__Information supplied__.
.....
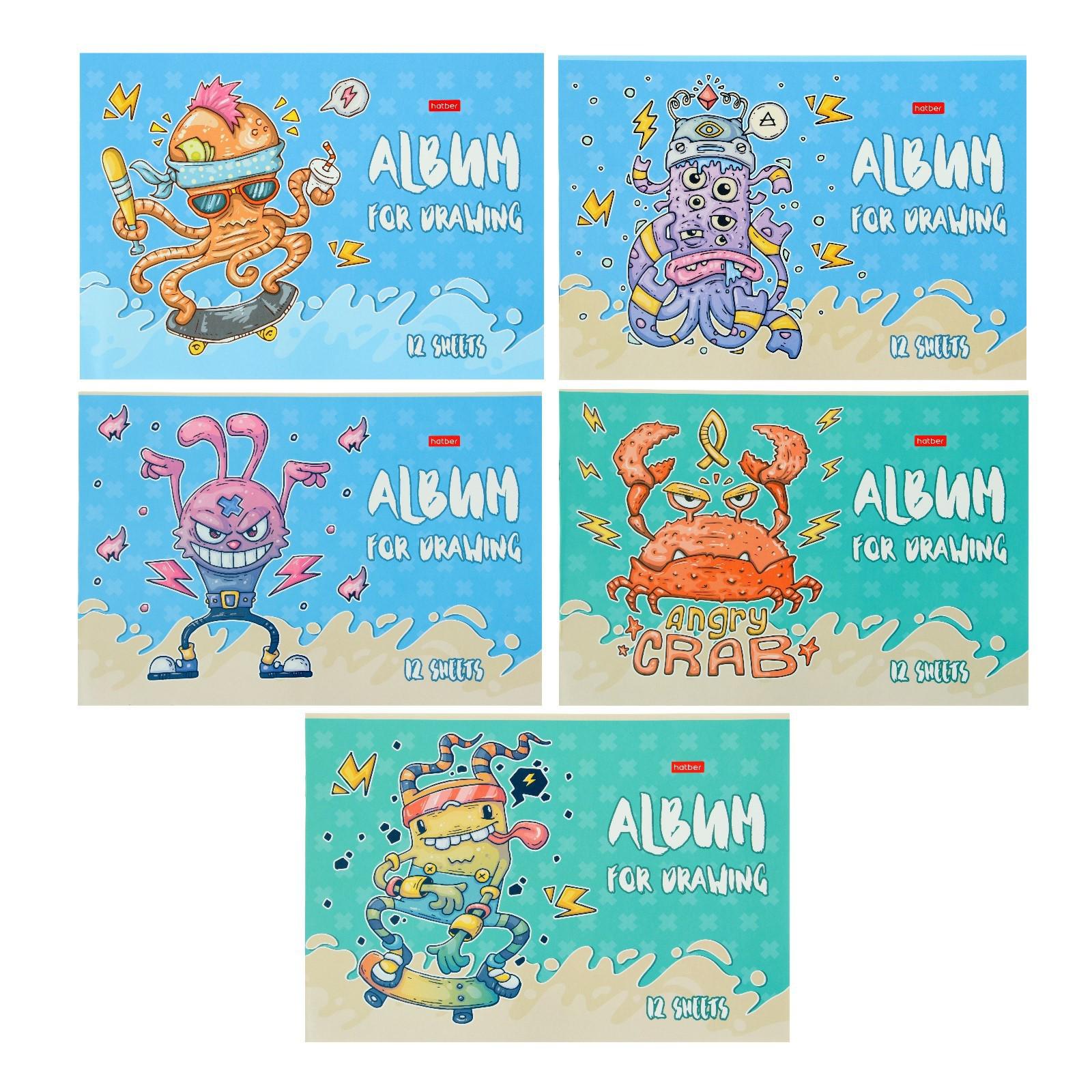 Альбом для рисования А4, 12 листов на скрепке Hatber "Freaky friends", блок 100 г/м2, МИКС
.....
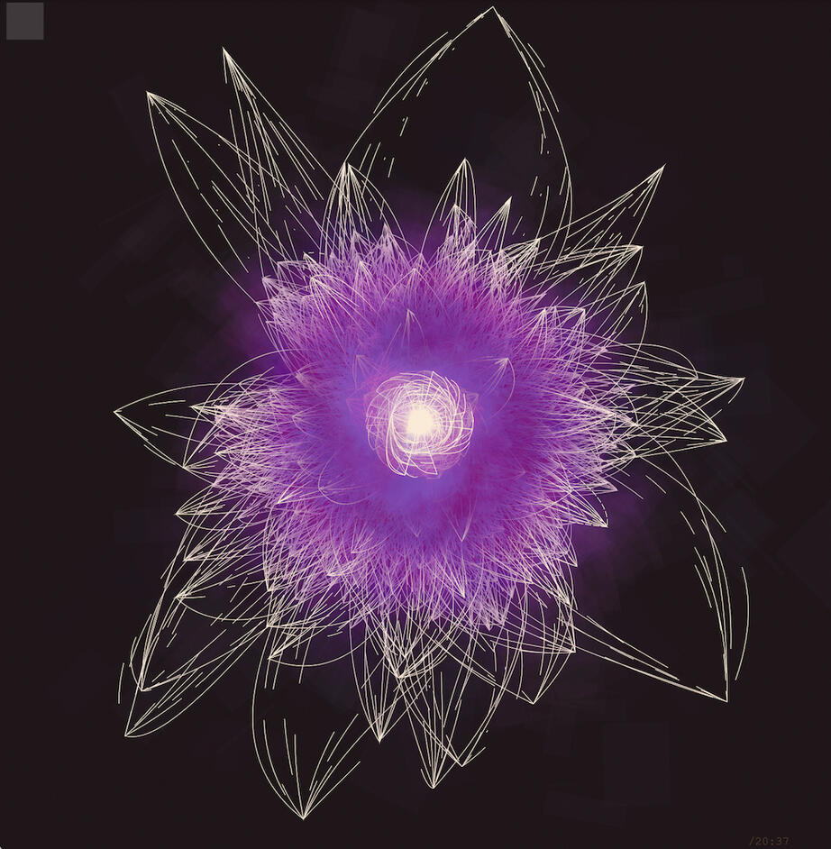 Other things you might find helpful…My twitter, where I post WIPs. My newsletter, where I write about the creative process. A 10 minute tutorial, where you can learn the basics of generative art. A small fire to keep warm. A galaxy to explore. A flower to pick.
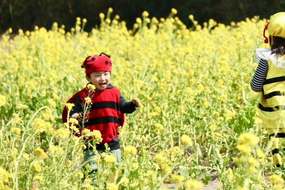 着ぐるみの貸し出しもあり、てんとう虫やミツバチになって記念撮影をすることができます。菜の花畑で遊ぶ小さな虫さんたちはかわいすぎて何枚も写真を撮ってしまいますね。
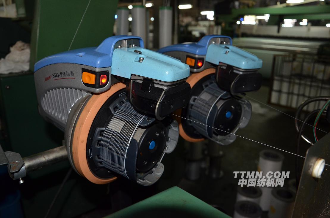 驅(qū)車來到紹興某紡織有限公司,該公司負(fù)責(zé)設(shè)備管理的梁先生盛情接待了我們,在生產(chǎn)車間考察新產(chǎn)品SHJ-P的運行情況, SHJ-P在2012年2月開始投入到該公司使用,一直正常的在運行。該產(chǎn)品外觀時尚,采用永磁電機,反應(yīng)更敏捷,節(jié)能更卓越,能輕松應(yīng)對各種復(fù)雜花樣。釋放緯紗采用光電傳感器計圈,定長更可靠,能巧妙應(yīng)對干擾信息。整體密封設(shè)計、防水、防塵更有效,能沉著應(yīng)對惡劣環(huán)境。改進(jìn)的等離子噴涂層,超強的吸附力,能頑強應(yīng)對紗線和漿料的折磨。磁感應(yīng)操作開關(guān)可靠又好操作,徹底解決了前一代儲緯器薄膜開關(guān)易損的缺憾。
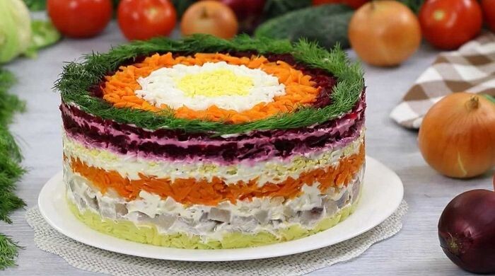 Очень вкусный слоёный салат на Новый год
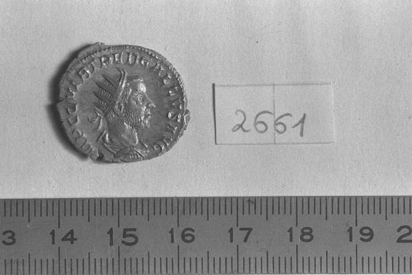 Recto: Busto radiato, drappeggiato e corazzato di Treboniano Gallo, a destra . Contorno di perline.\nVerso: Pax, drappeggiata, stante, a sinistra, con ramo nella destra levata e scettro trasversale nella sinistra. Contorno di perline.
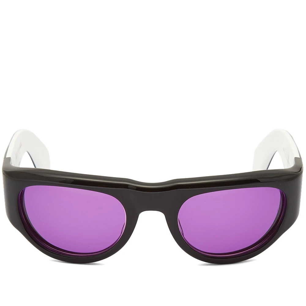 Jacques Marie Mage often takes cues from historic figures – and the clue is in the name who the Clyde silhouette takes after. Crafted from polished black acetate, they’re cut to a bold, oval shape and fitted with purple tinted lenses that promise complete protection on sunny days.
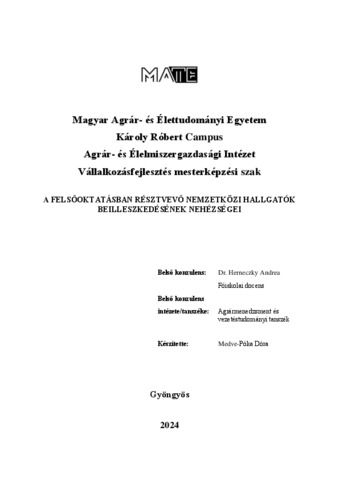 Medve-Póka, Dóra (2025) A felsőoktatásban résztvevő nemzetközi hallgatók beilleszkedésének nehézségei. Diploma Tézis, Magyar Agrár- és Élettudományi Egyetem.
.....
Here the job is to copy the listing above word for word, starting at the line with "驅(qū)車來到紹興某紡織有" and ending at the line with "Recto: Busto radiato, drappeggiato", and to leave out the pictures.

__Solved exercise__.
 驅(qū)車來到紹興某紡織有限公司,該公司負(fù)責(zé)設(shè)備管理的梁先生盛情接待了我們,在生產(chǎn)車間考察新產(chǎn)品SHJ-P的運行情況, SHJ-P在2012年2月開始投入到該公司使用,一直正常的在運行。該產(chǎn)品外觀時尚,采用永磁電機,反應(yīng)更敏捷,節(jié)能更卓越,能輕松應(yīng)對各種復(fù)雜花樣。釋放緯紗采用光電傳感器計圈,定長更可靠,能巧妙應(yīng)對干擾信息。整體密封設(shè)計、防水、防塵更有效,能沉著應(yīng)對惡劣環(huán)境。改進(jìn)的等離子噴涂層,超強的吸附力,能頑強應(yīng)對紗線和漿料的折磨。磁感應(yīng)操作開關(guān)可靠又好操作,徹底解決了前一代儲緯器薄膜開關(guān)易損的缺憾。
 Очень вкусный слоёный салат на Новый год
 Recto: Busto radiato, drappeggiato e corazzato di Treboniano Gallo, a destra . Contorno di perline.\nVerso: Pax, drappeggiata, stante, a sinistra, con ramo nella destra levata e scettro trasversale nella sinistra. Contorno di perline.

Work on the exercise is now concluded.